Shropshire Star

Political column – March 25

In a head examination so delicate and daring that it was broadcast live on television, MPs tried to look into the workings of Boris Johnson's brain.


One bit of probing in the wrong place and it could have all gone wrong, potentially leading to incomprehensible outbursts in Greek, or even Latin.

This head case aimed to discover how the former Prime Minister thinks, what he honestly believed, what he believed he believed when he said he believed it, and how closely connected is that which comes out of his mouth to the mysterious workings of his cerebral cortex.

Throughout his political life Mr Johnson's opponents, who include many Conservative MPs past and present who have always disliked him, have characterised him as an untrustworthy liar and scoundrel, living in a fantasy world, a delusional political outsider in touch with neither reality nor the truth.

So here is an underlying paradox for the privileges committee which grilled him this week. If all that is true – that is, that he is a delusional political outsider in touch with neither reality nor the truth – how can he be found guilty of deliberately and intentionally misleading the House of Commons?

Boris Johnson's response to the accusations partly boiled down to the Kenneth Williams defence – infamy, infamy, you've all got it in for me.

Then there was the gambit that if the committee was saying he was a liar, it was also accusing all the civil servants and advisers who thought the parties complied with the guidance of being liars as well.
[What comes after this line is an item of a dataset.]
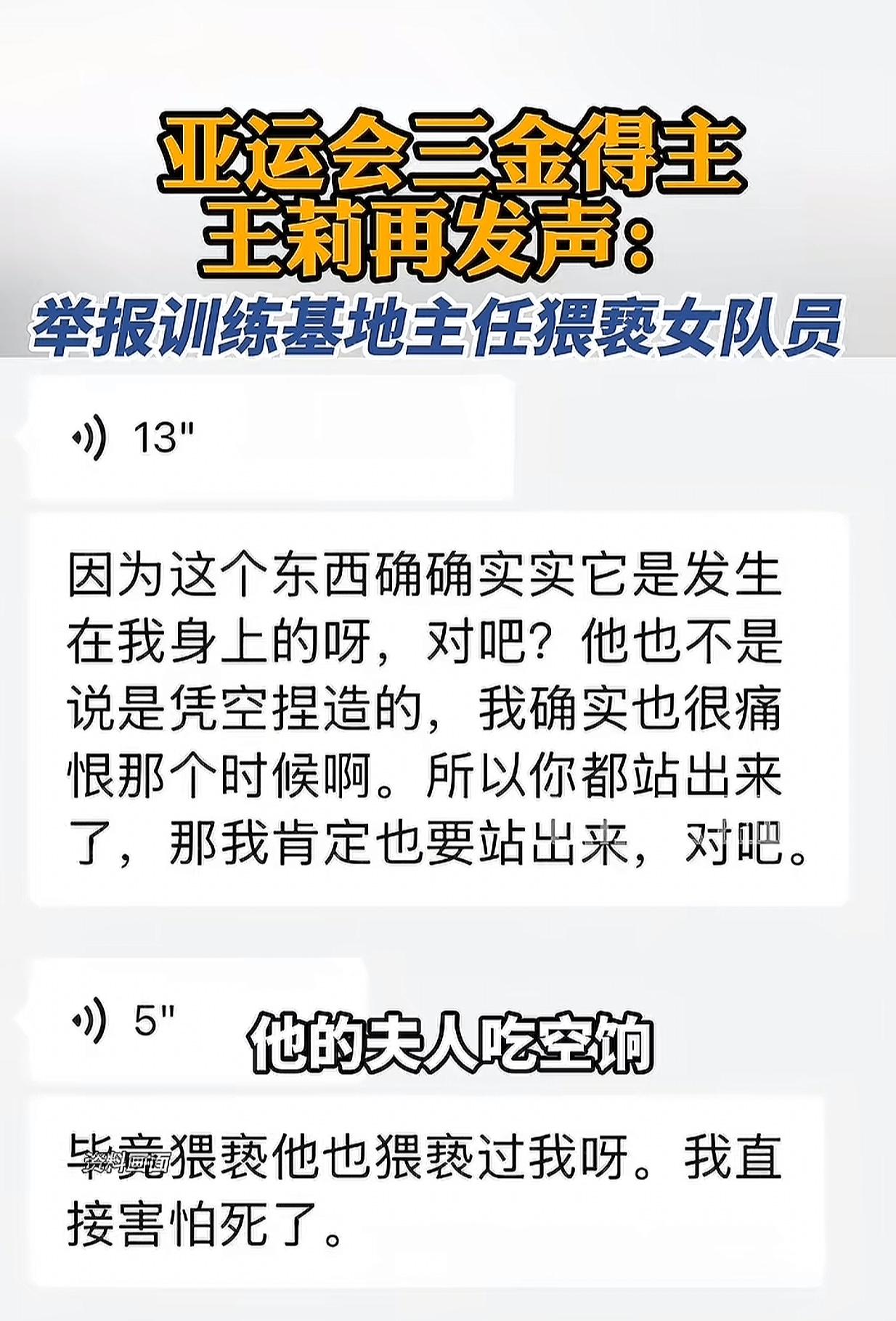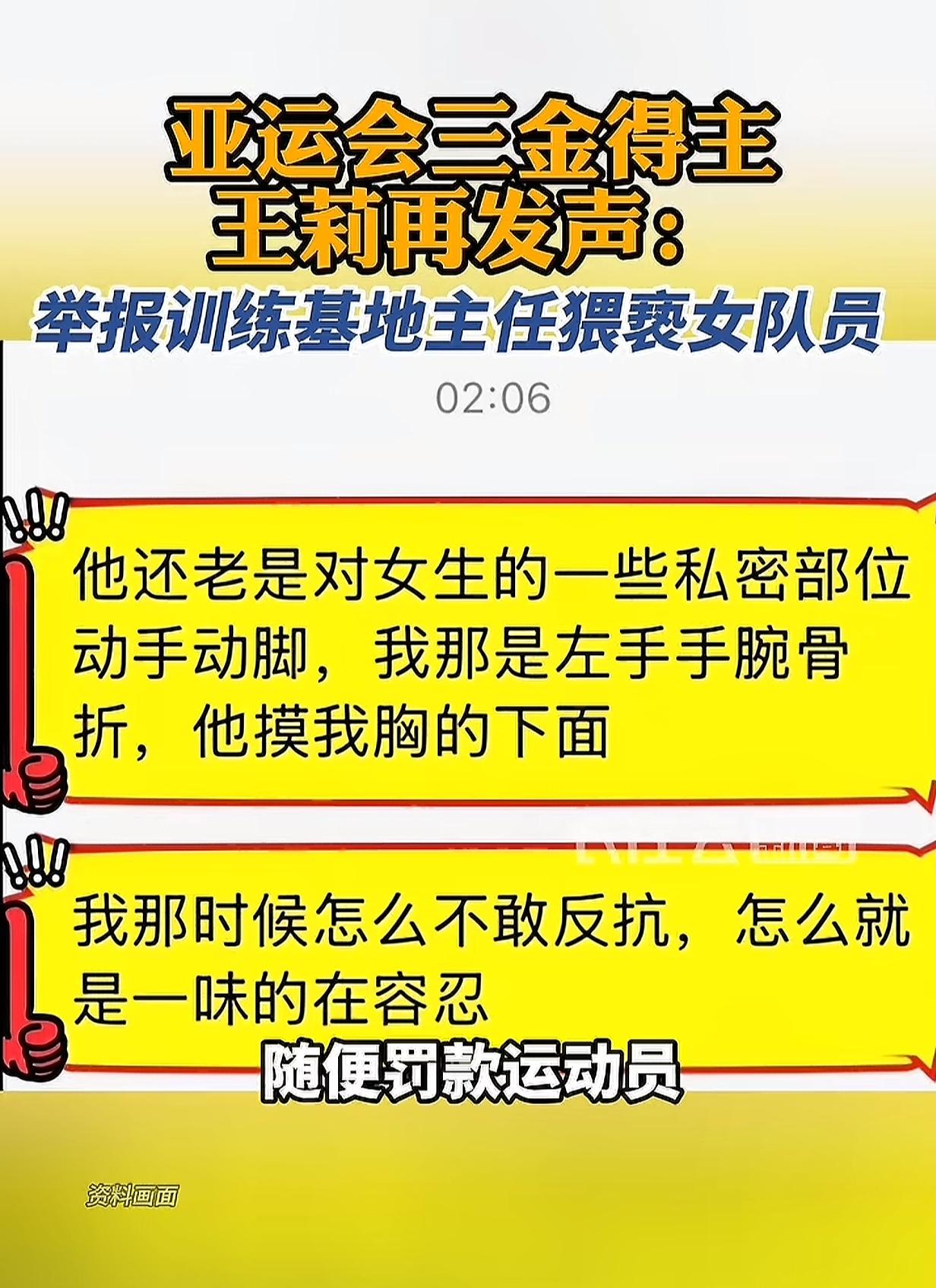 亚运三金王莉再发声,运动员的委屈不该被辜负 时隔25天,王莉终于再次发声,万幸她目前平安,暂居朋友家中。 早在去年12月,她就已向调查组提交全部材料,而这位训练基地主任的所作所为,实在让人愤慨。王莉拼尽全力为国拿下亚运三金,只因拒绝对方索要15万奖金的要求,便遭禁训、被擅自上报退役,断送运动生涯,甚至被逼出重度抑郁。 更让人痛心的是,这位主任不仅克扣队员奖金、让亲属吃空饷,还存在猥亵女队员的行为,队员们因害怕报复,只能默默忍受。 运动员在赛场上为国家拼尽全力,背后却要承受这般不公对待,实在令人心寒。如今涉事人员已停职,只希望调查组能尽快查清真相,还王莉和所有受害队员一个公道,别让为国争光的人,流了汗又寒了心! 全运会王莉

In other words, if we are all guilty, we are all innocent. Not that they were parties in the first place. They were allowable work events at which he displayed admirable leadership by popping in to raise the morale of the hard-pressed staff at a time of national crisis.

But yes, he admitted, 10 Downing Street was guilty. By that he meant the building itself which, as everybody knows, is so small that social distancing is not always possible.

"Downing Street is a cramped, narrow, 18th century townhouse," said Boris.

"We gave each other as wide a berth as we could."

It turns out he didn't even get to eat that famous Union Jack birthday cake. According to his evidence, an aide ate it.

With the departure of Boris Johnson from high office we are all supposed now to be in a new era of trust in politicians, in which case you may not find anything odd about politicians sitting in judgment in relation to the honesty and straightforwardness of other politicians.

MPs are required to swear allegiance to the Crown. They are not required to swear to the tell the truth.

At the start of his evidence Boris Johnson swore on the holy book to tell the truth, the whole truth, and nothing but the truth. What a great idea. But it will never catch on. For a start politicians, for the sake of party unity, have to pretend to support party policies which they may actually disagree with.

The privileges committee will now have to digest the former Prime Minister's evidence and decide if he deliberately misled the House.

So far as I can tell the general expectation seems to be that it will conclude he did.

But there is another possibility, that he is exonerated, being found to be afflicted by Boris Johnson Syndrome.


It had to happen some time. Earlier this week I was told about a woman whose daughter self-identifies as a cat.

And as a consequence she eats cat food.

For some reason this stirred me into the realms of poetry.

There was a young woman who self-identified as a cat,

Fancy that, she thinks she's a cat.

It's worried her mum and upset her sisters,

Because they'll all go hungry when they run out of Whiskas.

Which reminds me of an old joke.

"Doctor, doctor, my wife thinks she's a hen." Doctor: "Don't worry, I can cure her." "Oh, please don't do that." Doctor: "Why not?" "We need the eggs."

Oh, and by the way, at the risk of boring you with my oft-repeated contention that economic forecasting is at the disreputable end of the astrology spectrum, inflation rose "unexpectedly" to 10.4 per cent in February.